This dataset had longitude and latitude coordinates without having the description of the district for each location. To perform techniques like sequential pattern mining, we need to use the name of the district where the taxi is located. This approach used Google Maps [28] to divide Porto city into smaller rectangles. For the districts of Porto city, we relied on the Porto urban distinctions research conducted by Pereira in 2018 [23]. In his study, he divided Porto city into 18 various districts; he identified the location (i.e., central, periphery, Atlantic) and the nature of each district (i.e., historical). In Google Maps, the distance measurement feature was used to plot the corner points for each district, after that another point was plotted as Google Maps drew a line between these two points to calculate the distance between them. We kept plotting new points until we had rectangles of all districts in Porto city, each district was a rectangle area with four corners. In the end, there were 18 districts as shown in Fig. 2. To distinguish each district, we extracted the four corners coordinates for each district. For each plotted point on Google Maps, longitude and latitude coordinates of each corner were identified by using the right mouse click. As the city was divided into multiple rectangles, the assumption was to generate equiangular, which means a generation of a rectangle where each parallel side are equal in length. Therefore, it was said that a taxi belongs to a district if its current longitude lies between right and left longitude coordinates of the district, and its current latitude lies between lower and upper-latitude coordinates of the district. Table 2 describes the extracted districts and the longitude and latitude coordinates for each border (i.e., four borders for each district).

Table 2 Porto city districts border coordinates

Full size table

The final step was to scan the three CSV files and insert the district for each longitudinal coordinate according to the districts coordinates in Table 2. To accomplish this, we imported the districts coordinates into an Oracle table using Oracle Application Express [29]. Then the CSV files were stored in three Oracle tables.

After that, a PL/SQL script was created to scan all CSV files in a loop and compare each longitudinal coordinate with the border coordinates of each district.
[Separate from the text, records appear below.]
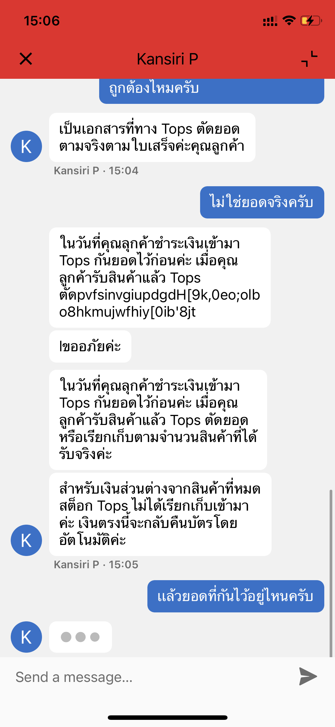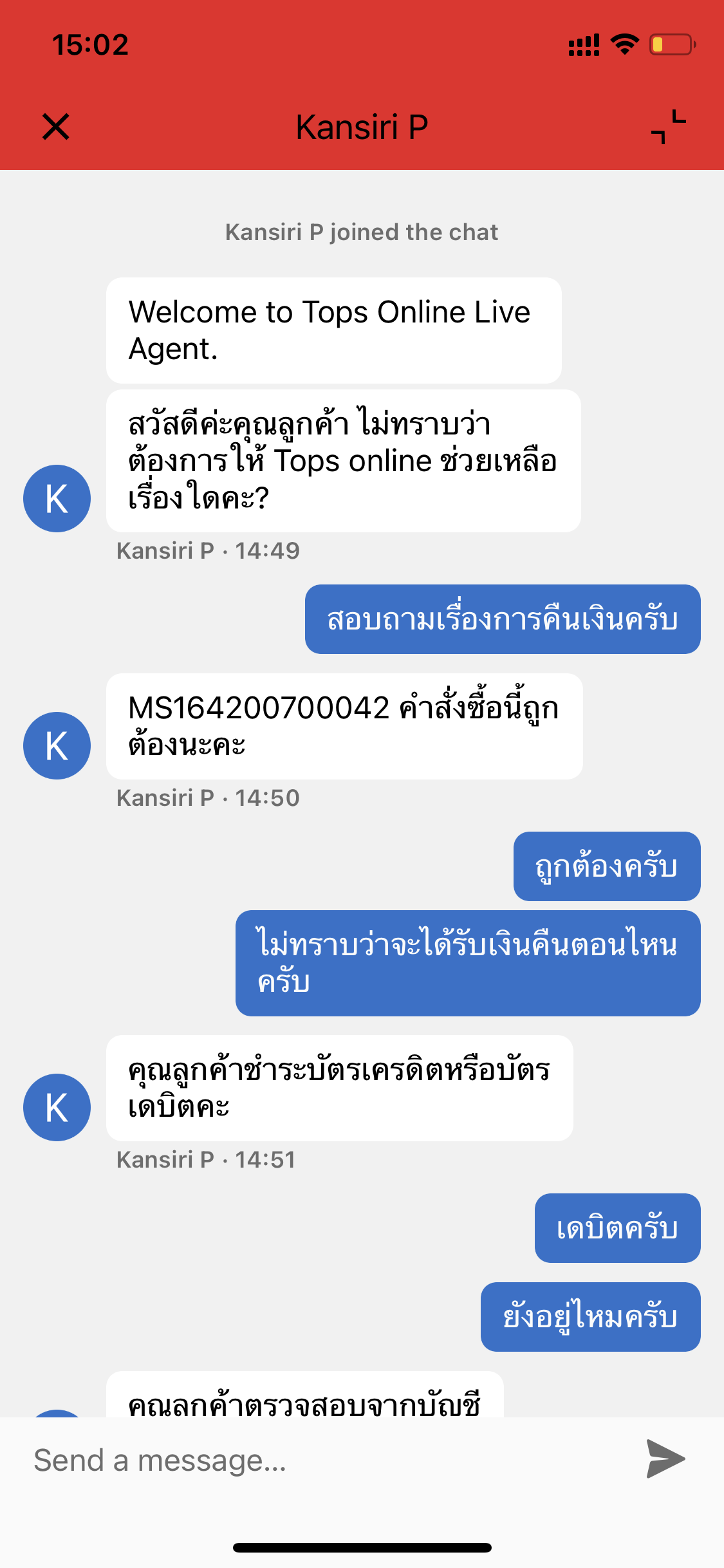 21/9/2020 ก็ยังไม่ได้รับเงินคืน (ผ่านมา 62 วัน) จึงได้ติดต่อกับทางเจ้าหน้าที่ของ Tops อีกรอบ รายละเอียดในรูปเลยครับ
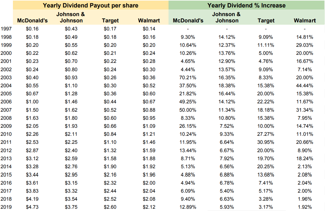 And here is the dividend payout history for some of the Dividend Aristocrat stocks:
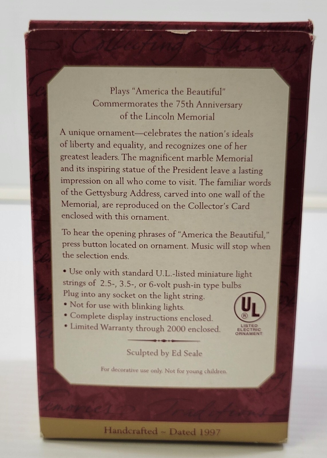 1997 Hallmark Keepsake The Lincoln Memorial Magic Christmas Ornament
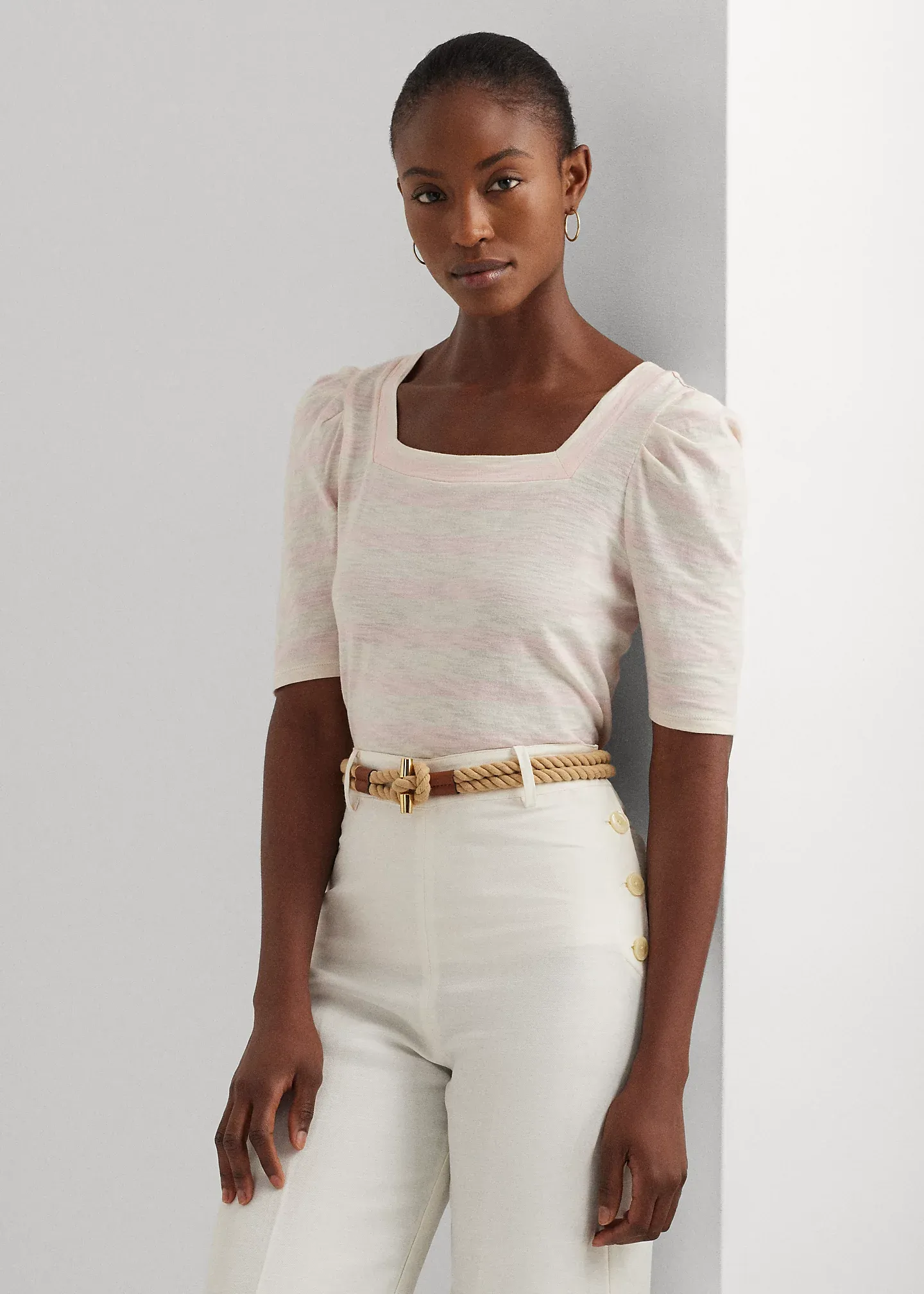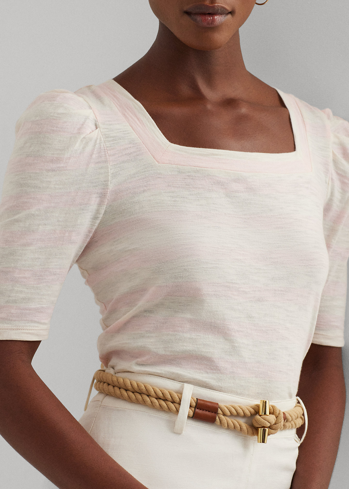 - Square neckline.
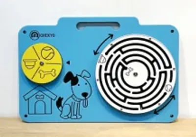 This wall-mounted activity board features a rotating maze and a spinning icon wheel designed to enhance fine motor skills and cognitive development. Crafted from durable, non-toxic materials, it provides a safe and engaging sensory experience for toddlers in commercial play areas.
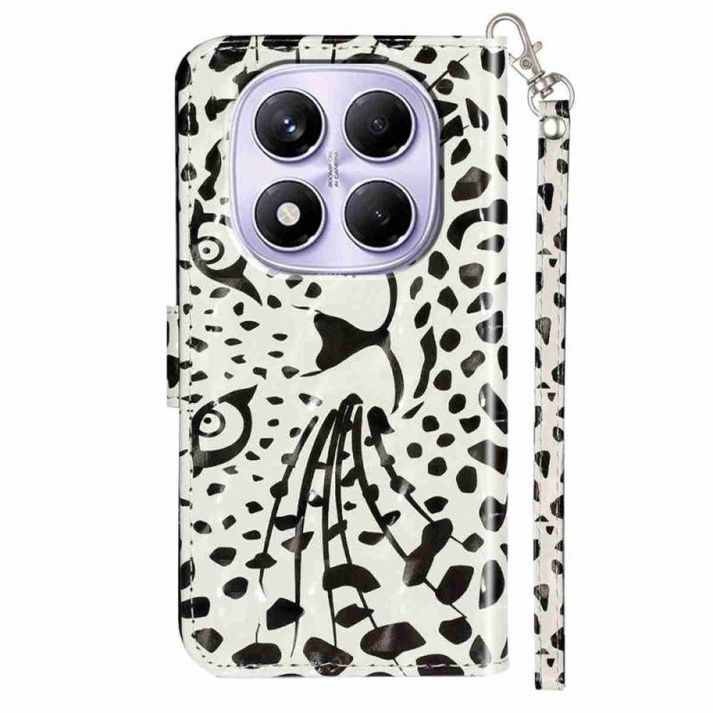 Housse Xiaomi Redmi Note 15 Pro 5G Tête de Léopard à Lanière

The trip coordinates were assigned to a district if they lied within its borders. If the trip coordinates did not lie within any district, then the value ‘no district’ was assigned to that point. Furthermore, there were few trip points which were lying in more than one district; this could be due to the manual rectangles plotting. There could be a slight overlap between rectangles (i.e., districts) when plotting the corners and drawing the borders in Google Maps. If there were more than one district, the trip point was assigned to any one of these districts. At the end of this approach, there were three tables with the following attributes, weekday, start time, longitudinal coordinates, and districts corresponding to each pair of longitudinal coordinates.

HDBSCAN clustering

After extracting the districts from longitudinal coordinates in the CSV files, the clustering technique was applied to categorize taxi trips based on Euclidean distance measure. In our study, we first used density-based clustering to detect taxi trips clusters in each subset. Additionally, spatial clustering was applied on both taxi trips origin points, and taxi trips destination points in the 168 subsets created in the first stage as shown in Fig. 1. Trips that started at the same hour on the same day were clustered together. Therefore, the original CSV file was sampled into small subsets (i.e., weekday vs. hour). Applying the clustering on the whole CSV file was improper as trips were starting at different periods. To prepare the CSV files for clustering, we eliminated taxi trips which had missing longitudinal coordinates using R sqldf package [30].

Our first clustering algorithm adopted a hierarchical density-based spatial clustering of applications with noise method called HDBSCAN [31]. This algorithm is based on the traditional density-based clustering algorithm DBSCAN [32]. Therefore, this algorithm is efficient in detecting random shapes like neighborhoods in the city. It can discover various density areas and can identify trips which are noise. The DBSCAN algorithm requires two initial parameters, the maximum distance between points and the minimum number of points in a cluster. Previous studies indicated that DBSCAN is sensitive to these parameters; improper values for initial parameters could cause a poor clustering outcome and would impact the size and number of clusters generated. Therefore, applying HDBSCAN will enhance the traditional DBSCAN since it requires only one initial parameter which is the minimum number of points in a cluster.

This algorithm calculates the reachability distance among points; then it builds a dendrogram for significant clusters. To implement the HDBSCAN algorithm, an R script [33] was created which reads each CSV subfile, the script used R hdbscan package [34]. The script scanned every pair of longitudinal coordinates separately. Each pair is a point in the dataset where the HDBSCAN was executed, in each iteration the script called hdbscan function which took two parameters, the CSV pair of coordinates and the minimum number of points MinPts. In terms of MinPts parameter, the optimal value was to be set by a domain expert, but since it was not applicable to work along with domain experts in our study, the MinPts was set to log(n), where n is the number of points to be clustered. After executing the hdbscan function, the script extracted the cluster number C and stored it as a new attribute in each CSV files as shown in Fig. 3.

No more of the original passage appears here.